Department of Emergency Medicine
Editor's Notes
My research project come to fruition the way most good resident research projects do: in a postnight shift delirium. Dr. Kocher and I sat in his office talking about different applications of big datasets to answer clinical questions when we began talking about patient acuity and the belief that our patients are getting sicker.
Now, we all know that in practice we do our best to make sure our sickest patients get seen first, whether by the ESI triage numbers or by abnormality in vital signs – but is it true that there are more people vying for the front of the line, so to speak?
There has been a lot of recent attention on increases in ED billing practices. There have been many interpretations of this data, and currently it is still unclear if it represents:
Upcoding
Temporal trends in EHR uptake
Increasing acuity of the patients we treat
The truth is that there are likely many factors contributing to the trends we’re seeing. Our goal here is to isolate the presenting acuity of our patients as a contributing factor.
Our question really necessitates the use of longitudinal data to analyze temporal trends, leading us to use the NHAMCS data set. For those who may not be familiar with this data, it is a large survey which is collected and weighted in such a way to be nationally representative of ED visits.
We included 15 years of available vital sign data among adults.
The critical question in designing our methods is what does it mean to be “sick”. Certainly there were options to use ESI scores, comorbid conditions, use of advanced imaging or interventions, each of these carries their own limitations. Ultimately this lead us to the use of vital sign trends to avoid some of these limitations.
Here we see a quick representation of our results.

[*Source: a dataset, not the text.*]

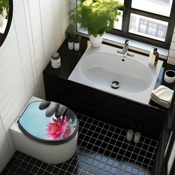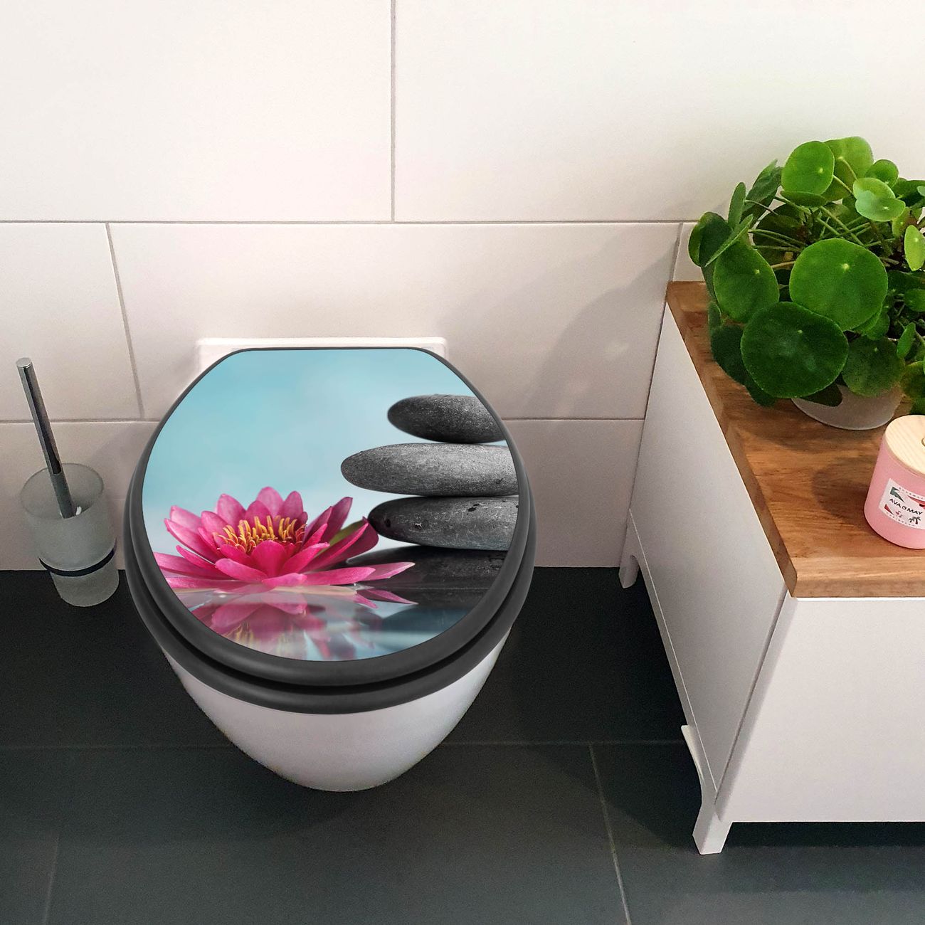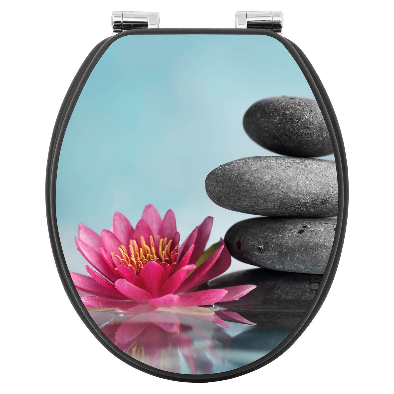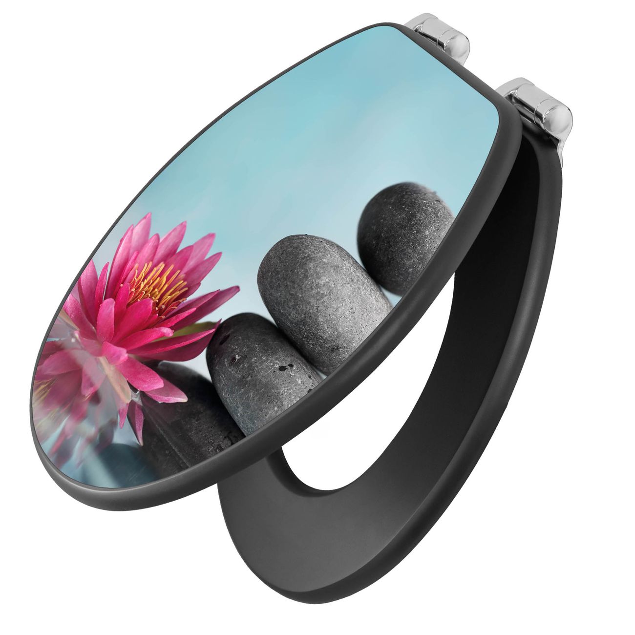WC Sitz Anthrazit mit Absenkautomatik Motiv Lotus Und Steine

Over the 15 years we see minimal variation in the median values of each of these vital sign measures.
We were fairly surprised to see this trend, so we cut it in a few different ways. This represents all adults. We also cut it to include our geriatric population, payer (uninsured, private, government), and high risk populations (people who carry diagnoses previously identified as carrying an increased mortality risk)
As we saw on the previous slide, vital sign trends appear to be pretty stable over a period of 15 years. This is true even in populations that we might expect to have increasing acuity over that time frame.
So, this leads us to believe that the trends we’re seeing in increased billing practices is not explained by increasing presenting acuity.
Now, this is limited by a few things that we intend to look at in our next steps:
First, as mentioned before, there is a question of whether or not these trends can be explained by increased uptake in the EHR. We would expect that as hospitals integrate EHRs that improve documentation and billing, we would see an increased trend in higher acuity visits
Second, we should recognize that this gets only at one definition of what it means to be “sick”. We all know from clinical practice that this is a complicated, often subtle distinction, that is only partly explained by presenting vital signs. Parsing apart comorbid conditions (to the extent that we can in a secondary data analysis) may help us get at this subtlety.
Thank you all for coming today and for your attention. And a special thanks to Drs. Kocher and Greenwood-Eriksen for their expertise and guidance with this project.
I’m very happy to take any questions that people may have.